1.1.1.2 Edward Jenner and the development of the first safe vaccine for smallpox

Although Jenner is celebrated for his development of cowpox as a safe vaccine for

smallpox, he was not the first to make use of a relatively non-pathogenic virus to induce

immunity. In 1774, Benjamin Jesty, a farmer, inoculated his wife with the vaccinia virus

obtained from “farmer Elford of Chittenhall, near Yetminster.” In 1796, Jenner inoculated James Phipps with material obtained from a cowpox lesion that appeared on the hand of a dairymaid. (Silverstein, 1989). Six weeks later, he inoculated the experimental subject with smallpox without producing disease. Although this experiment justifiably lacked an appropriate control, further studies by Jenner established the efficacy of his vaccination procedure (Jerner, 1955).
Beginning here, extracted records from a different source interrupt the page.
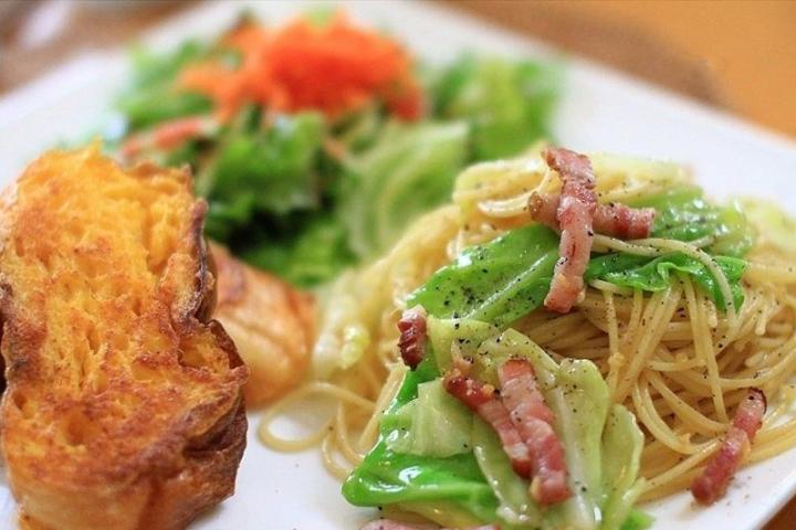 この日のメニューは「春キャベツとこだわりベーコンのパスタ&フレンチトースト」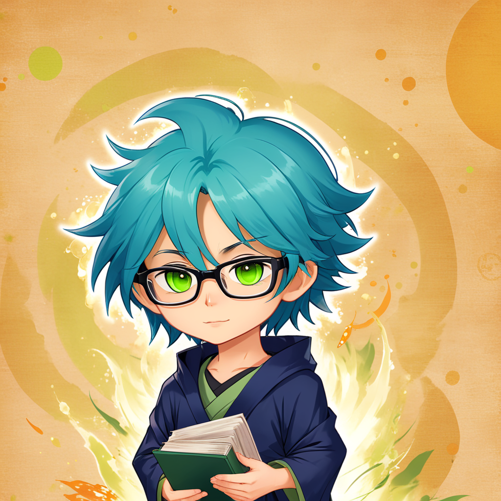 a boy with blue hair and glasses holding a book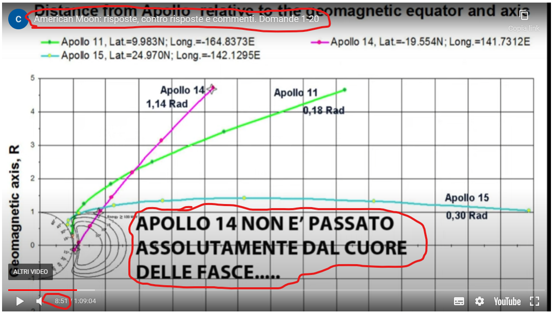 Questo è il video di Chiaro e Semplice di contro-risposta a Massimo. Come potete notare è riportata la tabella con i dati relativi alle raziazioni assorbite dagli astronauti durante Apollo 14, ben 6 volte superiori a quelle di Apollo 11. Ergo C&S non ha mai negato che A14 abbia attraversato il cuore dele fasce e che conseguentemente abbia assorbito più radioattività. Lo dice lui stesso nel video. Non mi credete? Andate a vedere il video, il minutaggio lo avete dal mio screen.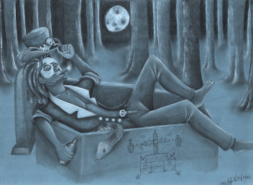 References to Voodoo are in many popular media but paint Voodoo in an evil and demonic light. Vodouisaints (Those who practice voodoo) worship a pantheon of spirits, also known as Lwa, they are typically portrayed in a relaxed or assertive non-demonic nature. Some may be rum drinkers, smokers, and representations of rage while others are laid back simply being guardians of the young. Each spirit has a veve (symbol) that represents them in a ritual so be on the lookout for where the veve’s are in every piece!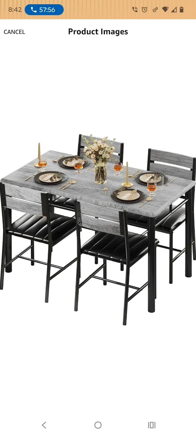 This is a 4-piece dining table set featuring a wood kitchen table with upholstered chairs. It's designed for kitchen rooms and small spaces. The set includes one table and four chairs.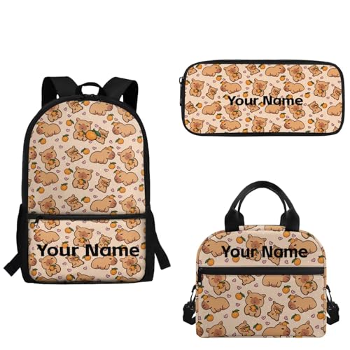 xixirimido Lot de 3 sacs à dos de 43,2 cm pour enfants, boîte à déjeuner, trousse à crayons pour école primaire, collège et lycée, Capybara Oranges Cœur, Taille unique, Sac à dos décontracté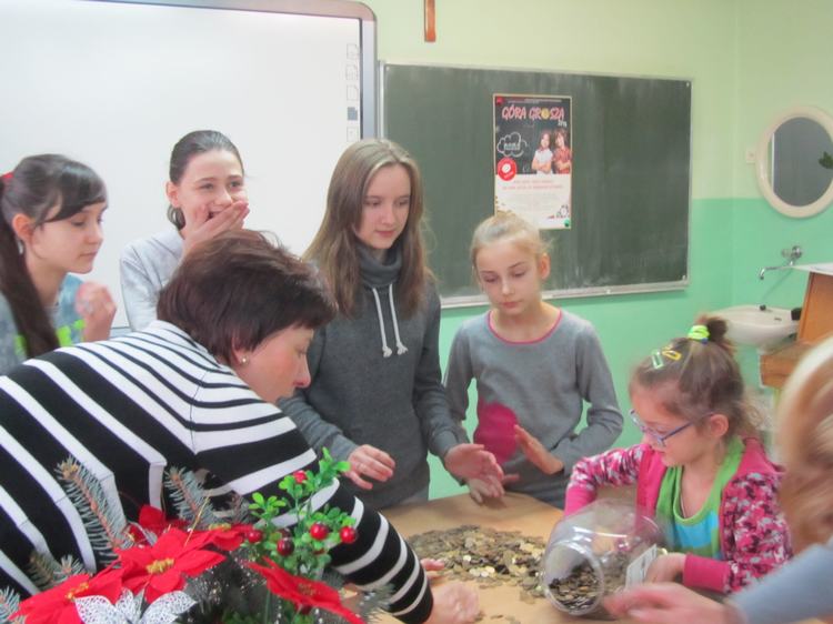 Z zebranych monet została usypana "Szkolna Góra Grosza". Klasom, którym udało zebrać się największą kwotę, wręczono dyplomy i nagrody.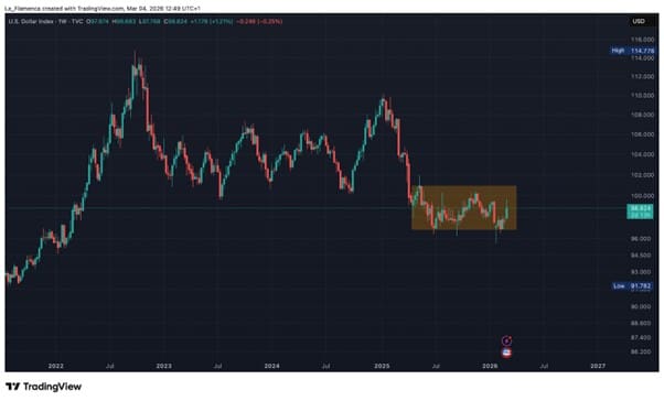 Nu de dollar sterker wordt, kan dat het tegenovergestelde effect op bitcoin hebben. Toch is er nog geen sprake van een duidelijke opwaartse trend in de dollar index. De koers verkeert sinds april vorig jaar al in een consolidatieface, waarin er vooral zijwaartse prijsbewegingen zichtbaar zijn.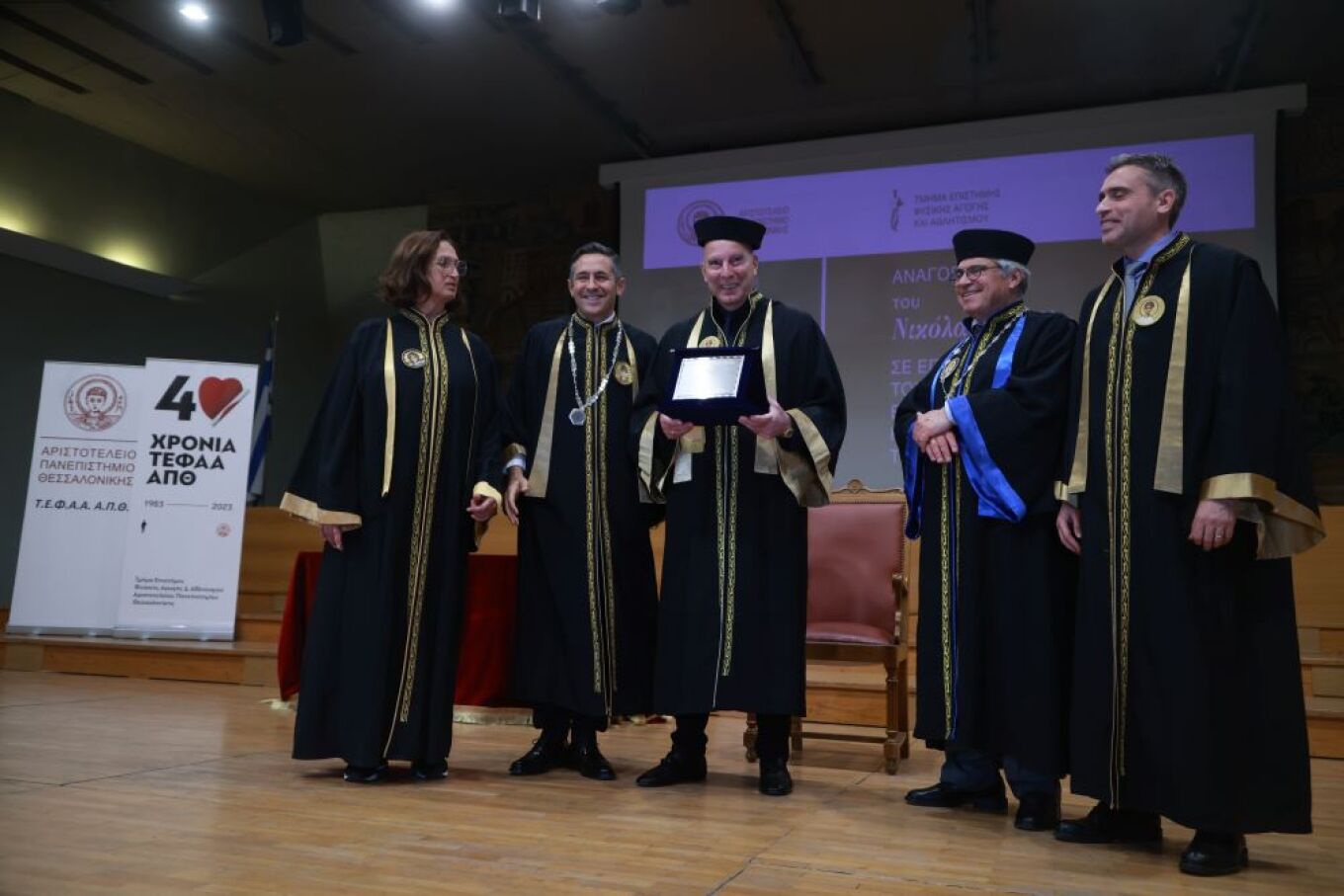 Η τελετή αναγόρευσής του σε επίτιμο διδάκτορα του Τμήματος Επιστήμης Φυσικής Αγωγής και Αθλητισμού του ΑΠΘ, πραγματοποιήθηκε το απόγευμα της στην αίθουσα τελετών του Αριστoτέλειου Πανεπιστημίου Θεσσαλονίκης.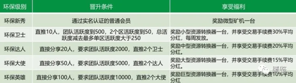 想要成為“環(huán)保新秀”,必須上傳個(gè)人身份證掃描件,并支付2元認(rèn)證費(fèi)完成實(shí)名認(rèn)證即可?!碍h(huán)保新秀”除了能獲得一臺“微型資源轉(zhuǎn)換器”產(chǎn)出垃圾,領(lǐng)取“EP環(huán)保幣”外,還可以通過發(fā)展其他人加入晉升級別,獲得更高級別的資源轉(zhuǎn)換器,以及享受一定比例的交易手續(xù)費(fèi)分紅。交易手續(xù)費(fèi)分紅從30%到10%不等。 除了“微型資源轉(zhuǎn)換器”外,“EP環(huán)境保護(hù)”平臺還設(shè)有小型、中型、大型、巨型、超級、云礦六種類型的“資源轉(zhuǎn)換器”。只要是完成實(shí)名認(rèn)證的會員,均可以通過現(xiàn)金兌換10枚到1萬枚不等的“EP環(huán)保幣”購買不等類型的“資源轉(zhuǎn)換器”。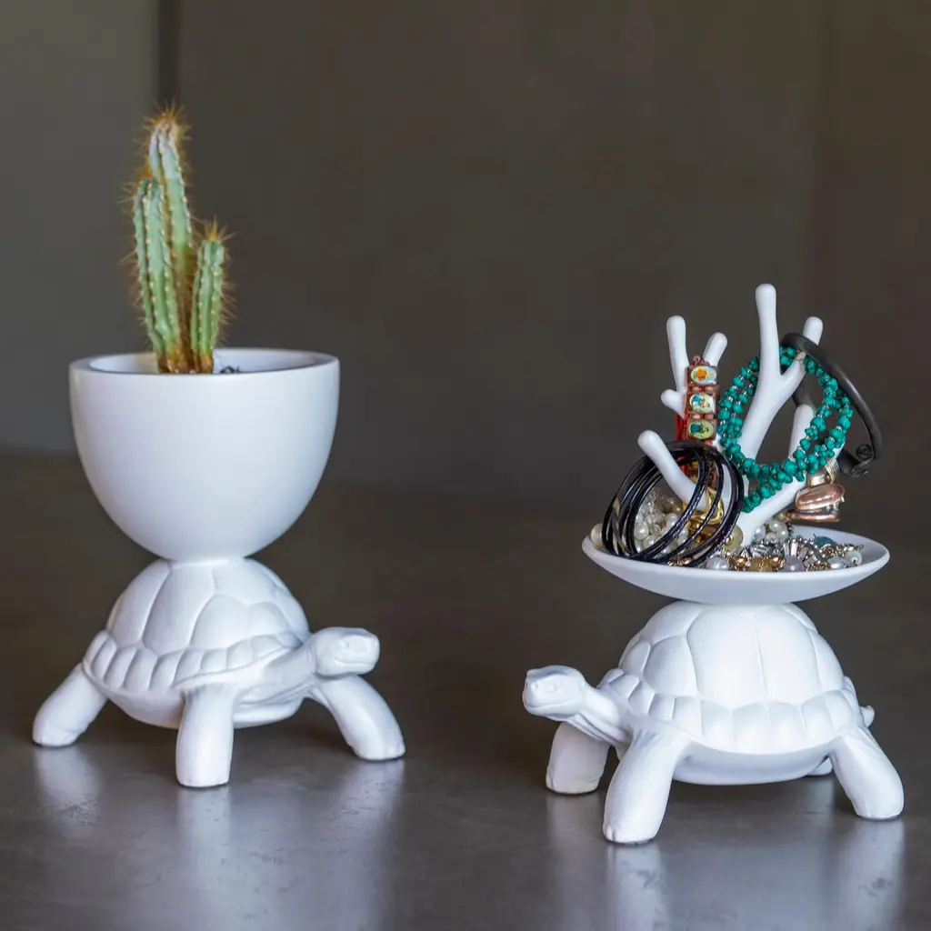 After the success of Turtle Carry, Marcantonio presents the iconic turtles in a small version.The turtle carapace supports a jewelry tree.Produced in white opaque resin, they catch the attention and they fit perfectly into any corner of the house.Made in Italy:Made in Italy furniture means design, quality, style and sophistication.The typical elegance of Italian design can be found in this piece. No wonder that the world famous designers like Philippe Starck, Karim Rashid, Piero Lissoni, Rodolfo Dordoni and many others put their signature next to Made in Italy.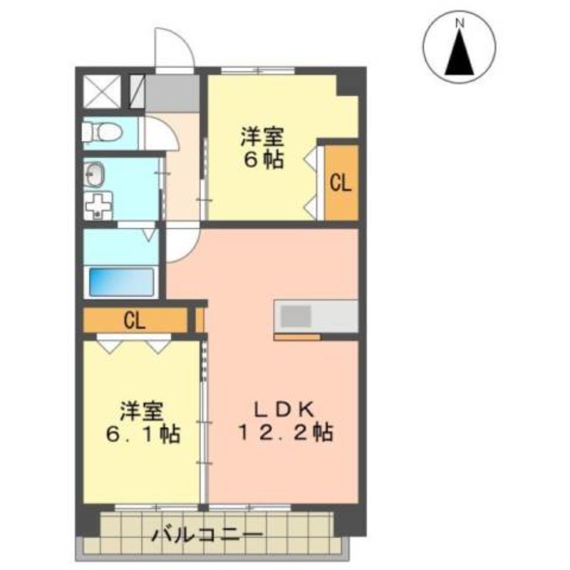 | 間取り詳細 | 洋室 6.1畳 、 洋室 6.1畳 、 LDK 12.2畳 |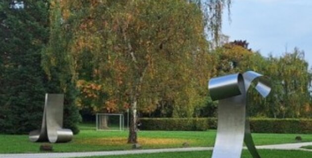 Ein besonderes Highlight ist die Leihgabe des Bildhauers Stephan Goedecke. „Eins oder doch nicht eins“, das aus zwei Teilen bestehende Kunstwerk aus Stahl. Zwei einfache, stille archaische Formen. Alles ist sichtbar: die Ausgangsform der Stahl Tafeln, der einfache Schwung der auf den zweiten Blick seine Nuancen offen legt. Das macht die Skulptur und das Material lebendig und fließend. Der Sinn kommt durch die Gegenüberstellung der beiden Formen. Die einfache Grundform taucht in dem anderen Teil in umgekehrter Form auch auf: „Eins oder doch nicht eins“.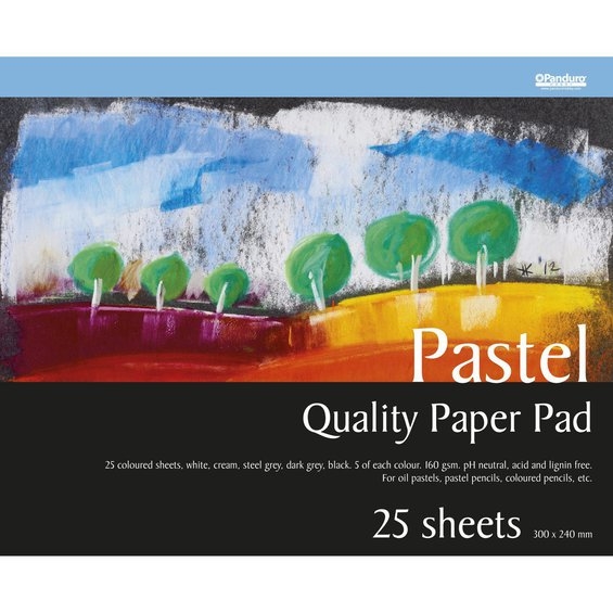 Pastellilehtiö. Öljypastelleille, kuiville pastelleille ja värillisille lyijykynille. 25 värillistä sivua (valkoinen, kerma, teräsharmaa, tummanharmaa, musta), 24x30 cm. Paino 160 g Happo ja ligniini vapaita.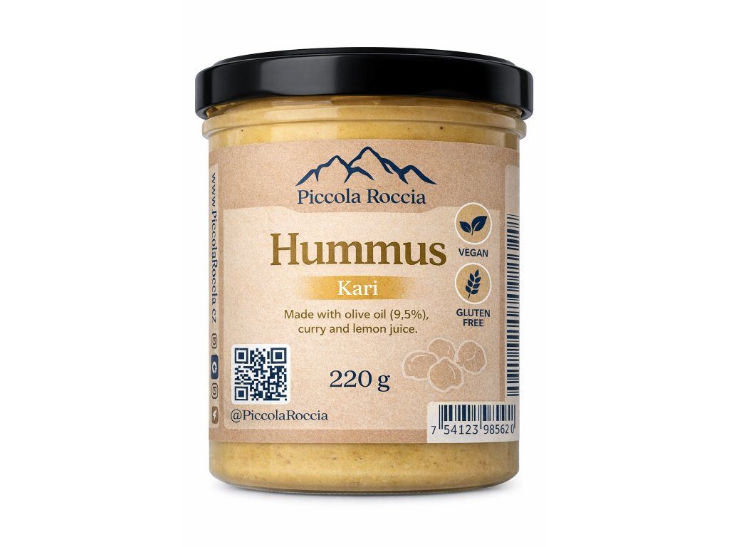 Složení Hummus Kari: Cizrna, tahini (sezamová pasta), olivový olej, konfitovaný česnek, citrón, římský kmín, kari pasta, sezamový olej, sůl.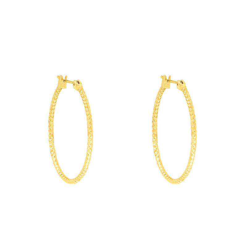 A l'univers raffiné et subtil, cette splendide paire de créoles réveillera votre style, vous vivrez pleinement le début des beaux jours avec ce modèle ethnique et tendance. De qualité, composée d'un plaquage en or jaune 3 microns, laissez-vous séduire par le charme cette paire de créoles, elle fera fureur une fois portée et sublimera votre look en toutes circonstances ! Elles mesurent 2,90 cm de diamètre.
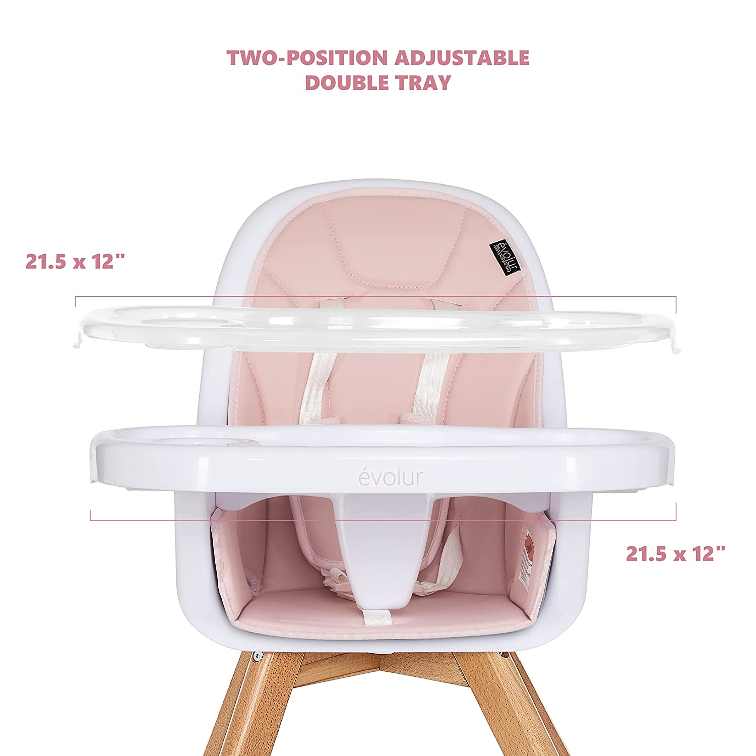 Evolur Zoodle 3-in-1 High Chair I Booster Feeding Chair I Modern Design I Toddler Chair I Removable Cushion I Adjustable Tray I Baby and Toddler. Pink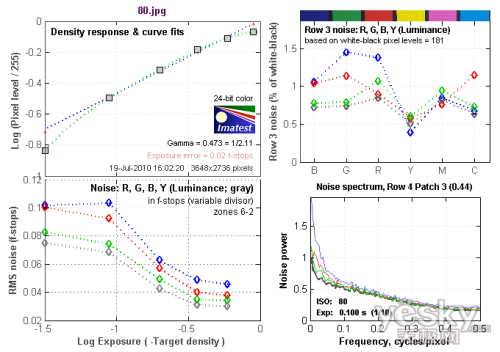 ISO 80的最高躁点值为0.1左右,情况非常好。从Row 3 noise:R,G,B,Y(Luminance)图表中可以看到,蓝色上以蓝色通道和红色通道的噪点差不多,达到1.0左右。红色上是以蓝色通道的噪点为最多达到1.4左右。绿色通道的噪点最高值出现在蓝色上,达1.5左右。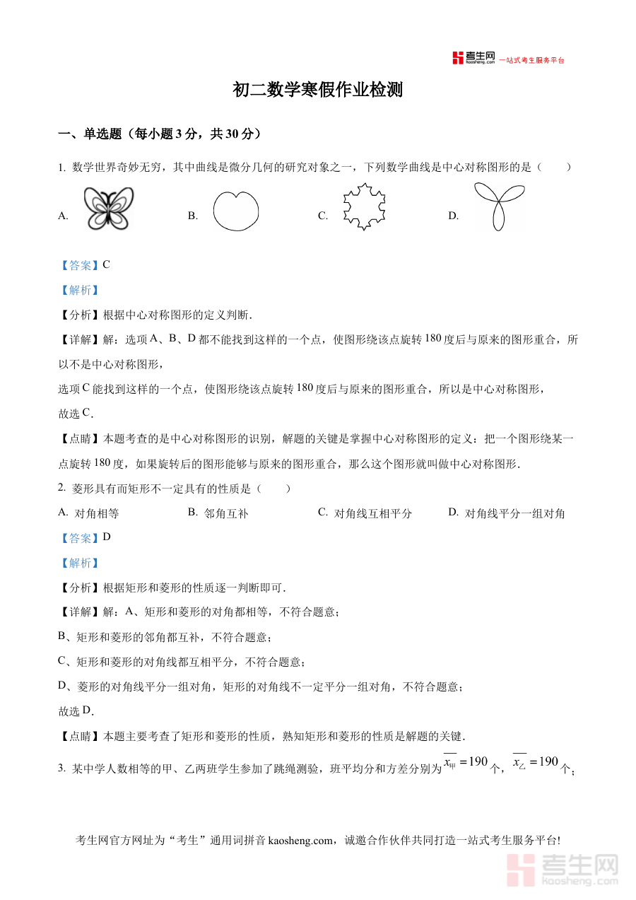 《精品解析:2025年宁波外国语学校八年级下学期开学考试数学试卷(解析版)》是针对2025年宁波地区外国语学校八年级下学期开学数学考试的专业备考资料,整合了该次考试的试卷内容及详细解析部分,能够为学生提供贴合特定考试场景的复习支持,帮助其提前感知开学考试的考查方向与命题逻辑。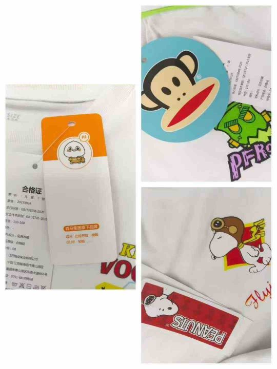 品牌童裝拼袖夏装T恤,数量5000件左右,尺码110--160,整款三个色,三个品牌(史努比、大嘴猴、森马) 可分品牌出,后领包边,独立包装带吊牌,大货干净整洁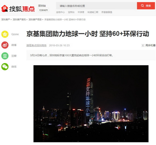 当晚,京基集团旗下京基100大厦、京基·滨河时代大厦、KK MALL、南山京基百纳广场、沙井京基百纳广场、KK ONE、深圳瑞吉酒店、京基晶都酒店、大梅沙京基喜来登度假酒店、京基海湾大酒店等写字楼、住宅、商场、酒店近30个项目,纷纷关闭建筑外墙及大部分公共区域的灯光一小时,且通过自有传播平台号召租户、住户及客户,一起加入这场全球性的环保运动,共同保护地球。

For this feat, Jenner received a cash prize of 30,000 pounds and election to nearly all of the learned societies throughout Europe (Silverstein, 1989).

  1. Koch, Pasteur, and the germ theory of disease

In 1875, Robert Koch, a country physician with no formal scientific training, inoculated the ear of a rabbit with the blood of an animal that had died of anthrax. The rabbit died the next day. He isolated infected lymph nodes from the rabbit and was able to show that the bacteria contained within them could transfer disease to other animals. He developed and refined techniques necessary for the cultivation of bacteria, including the development of agar growth medium (Greenberg, 1957). He was appointed to the Institute of Hygiene in Berlin, where his ultimate goal was to identify the organism responsible for the “White Death”-tuberculosis.

Quite independently, Louis Pasteur began his studies of the “chicken cholera bacillus.” In a serendipitous discovery, Pasteur inadvertently left a flask of the bacillus on the bench over the summer and inoculated 8 chickens with this “old but viable” stock of chicken cholera bacillus (Greenberg, 1957). He found that not only did the chickens not die, but they did not even appear ill! Pasteur said that the virulent chicken cholera bacillus had become attenuated by sitting on the bench over the summer months. The similarity between these results and those of Jenner using vaccinia virus was immediately apparent to him. In honor of Jenner, Pasteur called his treatment vaccination. Pasteur later worked on anthrax and rabies and developed the first viable vaccine for anthrax and rabies.